Monday, November 28, 2011

Jingle Bells, Jingle Bells.... since you may have noticed my lack of posting around the country's largest food-related holiday you might have guessed that we didn't host T-Day dinner at our place this year.  Instead we packed up our baby pears and headed over to a friend's house to enjoy the day with three other families.  We had a lot of fun....but sadly, did absolutely no cooking.

So we are moving on!  Just like all the department stores, we are playing Christmas music!  It may not be December yet but the first Christmas Classic DVD (Rudolf) has been viewed by the kidlets (fail) and the first Christmas cookies have come out of the oven (success!).  Christmas is such a great reason to eat a ton of cookies...don't you think?  And maybe also to watch kid movies that your children are way too young to even begin to enjoy.

Though my favorite cookies aren't really Christmas cookies, I will be sure to continue baking (and sharing!) with these to start:

Crinkly Butterscotch Pecan Cookies.  I found this recipe simply because Mr. Pears wanted cookies (I blame him) and we had butterscotch baking chips and pecans in the pantry.  A little Google search and I stumbled upon this blog and recipe.  Looked like all was in order, good comments....worth a shot.  I'm so glad I gave them a chance because they really are delicious.  If you love Butter Pecan Ice Cream, you'll love these.  Hope you love them, and Happy almost Christmas!

Crinkly Butterscotch Pecan Cookies, adapted from Cookie Madness
1 3/4 cups all-purpose flour
1 teaspoon baking soda
3/4 teaspoon salt
1/2 cup of butter, cold and cut into tablespoon-sized pieces
1/2 cup of shortening (like Crisco)
3/4 cup sugar
3/4 cup brown sugar
1 1/2 teaspoons vanilla extract
1 large egg
1 3/4 cups butterscotch chips
2/3 cup pecans, toasted and chopped (to toast them just put them in a non-stick pan on high heat and shake them around every minute or two for a few minutes)

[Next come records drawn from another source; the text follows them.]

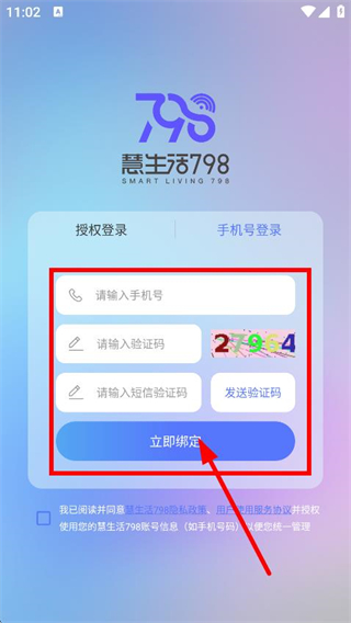 4、输入手机号、验证码、短信验证码,点击立即绑定,完成登录操作。
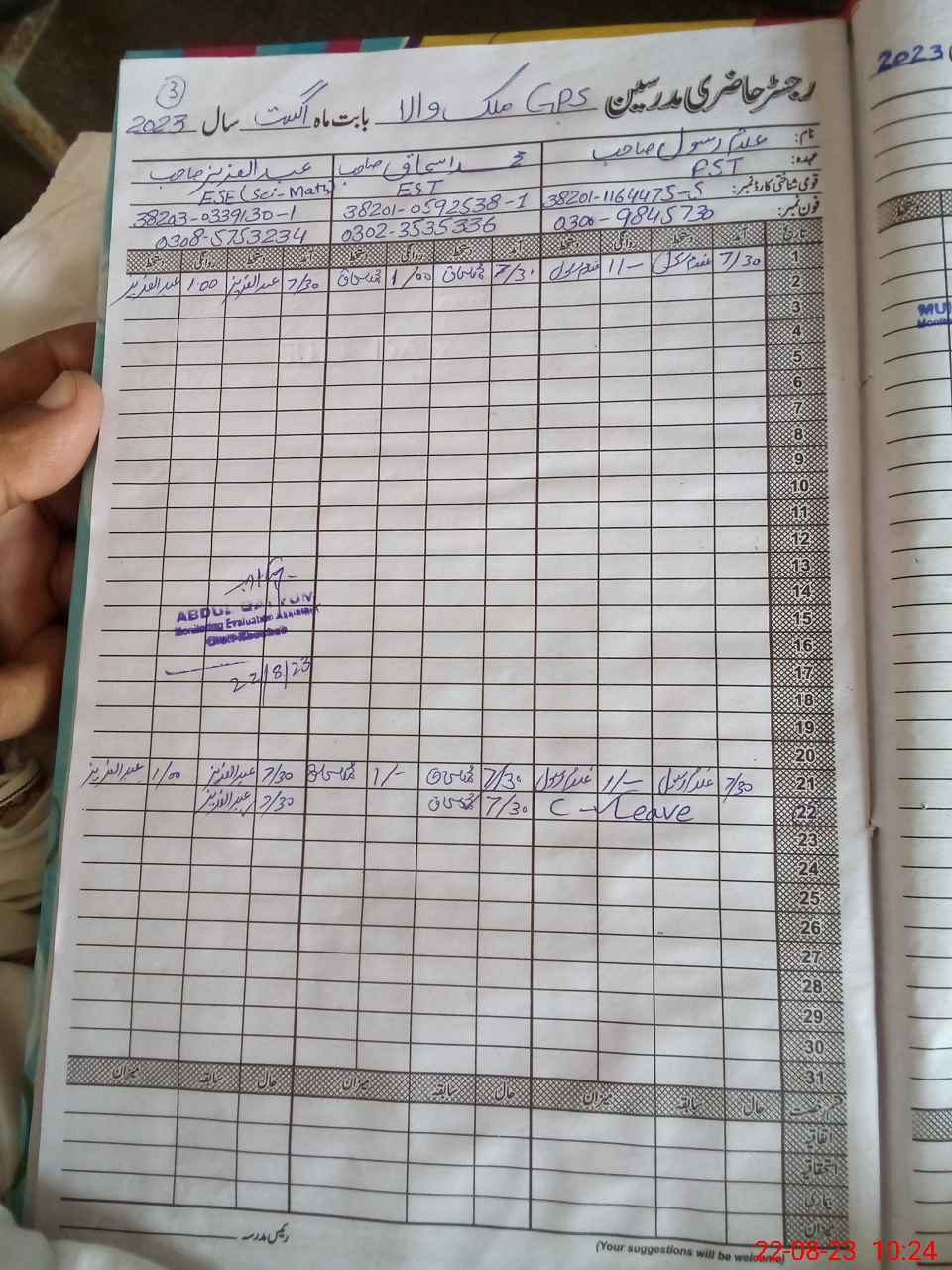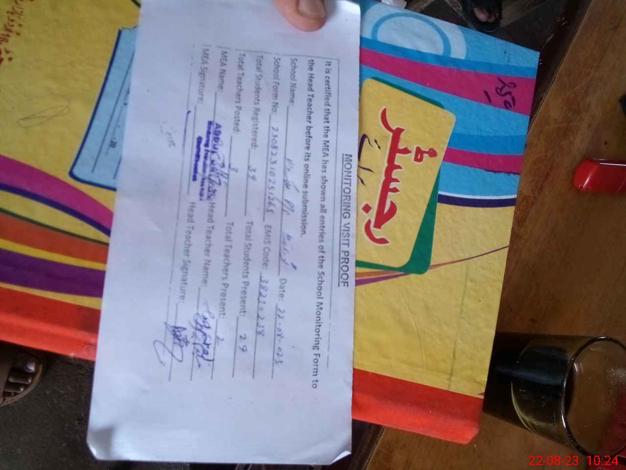 | EMIS Code: 38230238 | Name of School: GPS MALIK WALA | |||
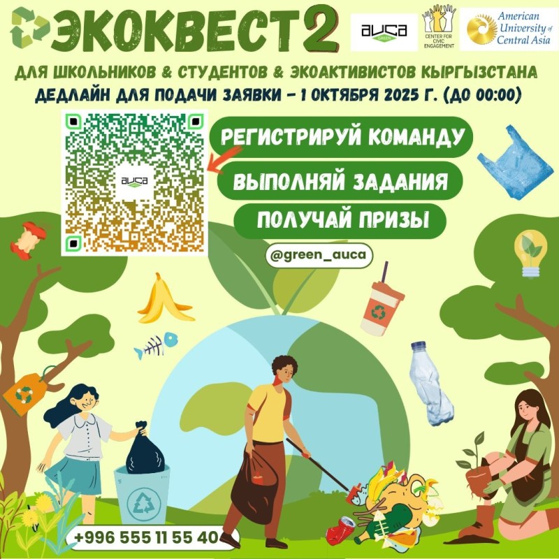 Дополнительная информация по тел.: +996 555 11 55 40 (звонить и W/A), Маргарита Лазуткина, координатор программы «Зеленый АУЦА», координатор экоквеста
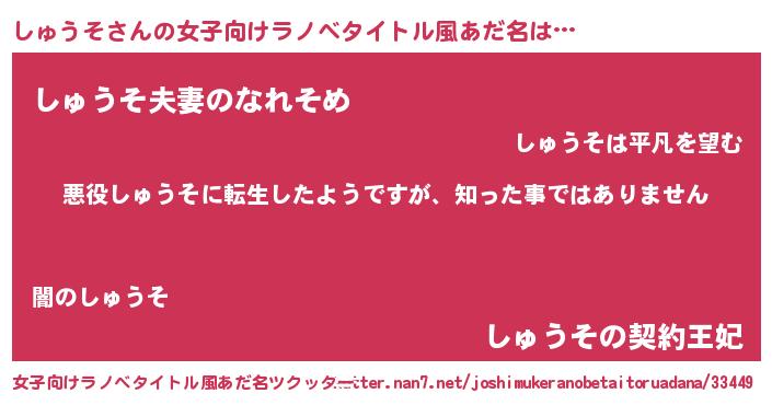 | 胡散臭い通販商品みたいなあだ名 | 『あなたにだけ特別に提供する世界で10本だけ現存している希少なブランデー…その名も「しゅうそ」』 |
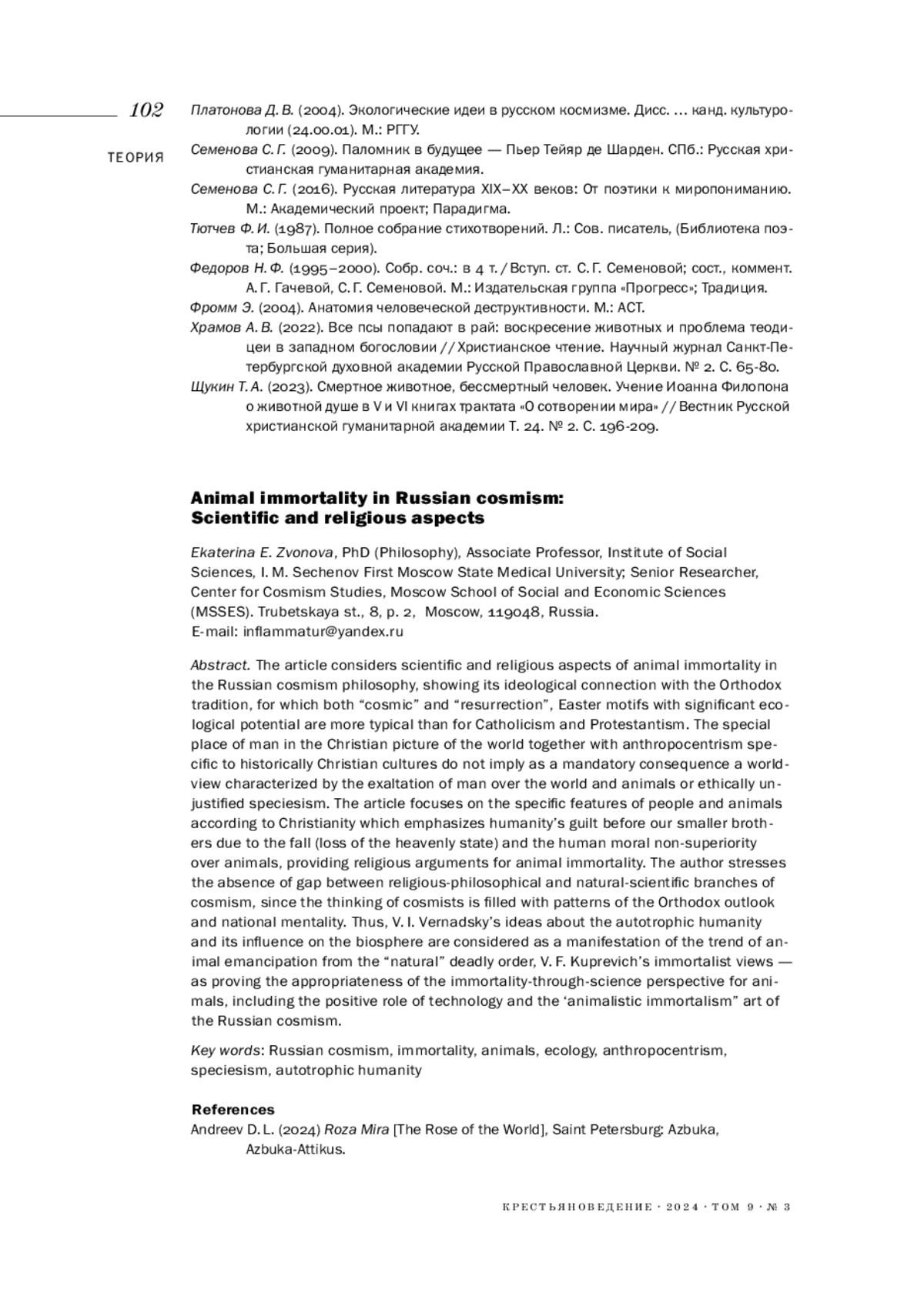 25. 	Храмов A. В. (2022). Все псы попадают в рай: воскресение животных и проблема теодицеи в западном богословии // Христианское чтение. Научный журнал Санкт-Петербургской духовной академии Русской Православной Церкви. № 2. С. 65-80.  EDN: EAOSWW
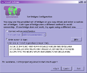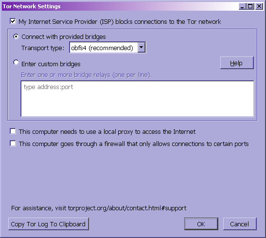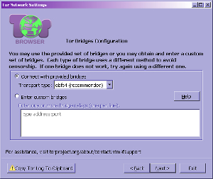 Цензор естественно будет пытаться выявить эти мосты, в ольгино будут круглосуточно слать запросы на их получение и передавать хозяевам их адреса для блокировки. Но появление новых мостов носит случайный характер, а высоконагруженные фильтры цензора не могут обновляться моментально. Поэтому часть мостов будет оказываться в черных списках, но будут появляться все новые. И через некоторое количество попыток соединение будет вновь установлено. Кроме того можно создавать скрытые мосты, адреса которых знает лишь круг посвещенных, а с этим бороться автоматизированно уже невозможно. Опыт показывает, что справиться с Tor не смогли даже в китае. Подключение через мосты встроено в TorBrowser и его можно использовать при настройке режима прорыва блокады.
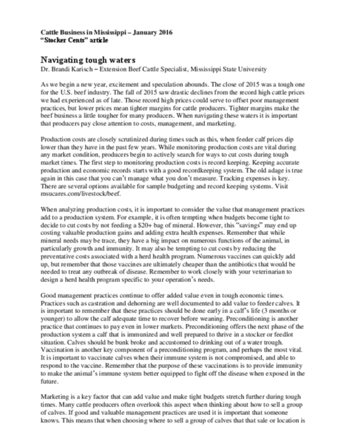 Stocker Cents January 2016 Download Contacts Dr. Brandi Karisch Assoc Extension/Research Prof Animal & Dairy Science brandi.karisch@msstate.edu Topics Beef
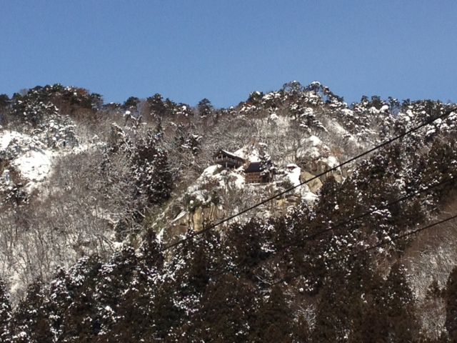 下から見上げる立石寺は雲一つない晴天に映え、なかなか良い感じ。
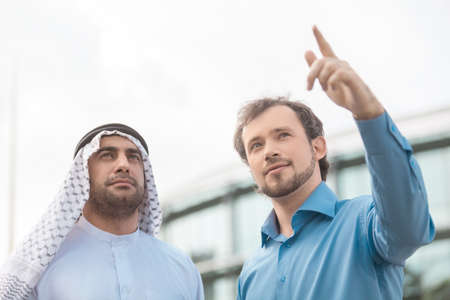 Discussing business issues. Low angle view of two business partners discussing something while one of them pointing away and smiling
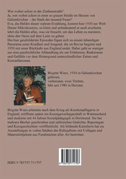 Wer wohnt schon in der Ziethenstraße?Ja, wer wer wohnt schon in einer so grauen Straße im Herzen von Gelsenkirchen - der Stadt der tausend Feuer?Eva, die Heldin dieser wahren Erzählung, kommt hier 1930 zur Welt. Dieser Mikrokosmus, so klein und unbedeutend er auch erscheint, lehrt die Heldin alles, was sie braucht, um das Leben zu meistern, ohne den Nazis auf den Leim zu gehen.Die hier geschilderten Episoden fügen sich zu einem lebendigen Panorama einer Kindheit und Jugend, die im Revier beginnt und 1950 mit der Rückkehr aus England endet. dabei geht es weniger um eine geschichtliche Abhandlung als und Erlebnisse, Reaktionen und Gefühle vor dem Hintergrund unterschiedlicher Zeiten und Konstellationen.

Stir together the flour, baking soda and salt in a small bowl.  In your mixer, cream the butter and shortening together.  Once they are smooth and combined add the sugars.  Beat for about two more minutes.  Lower the speed on the mixer and mix in the vanilla and egg.  Now slowly mix in the flour combo.  Once everything is mixed together fold in the pecan and chips with a rubber spatula.

Use a mini-ice cream scoop to drop tablespoons of dough onto parchment paper-lined baking sheets and bake these for 12-15 minutes at 350 F.  Mine took just 12 minutes but the original author said hers took check on them!  When they start to get brown on the edges they are done.

Once out of the oven you can use your spatula to kind of push the cookies in a makes them crinkly!  Let them cool for a few minutes before you move them to a wire rack to finish cooling.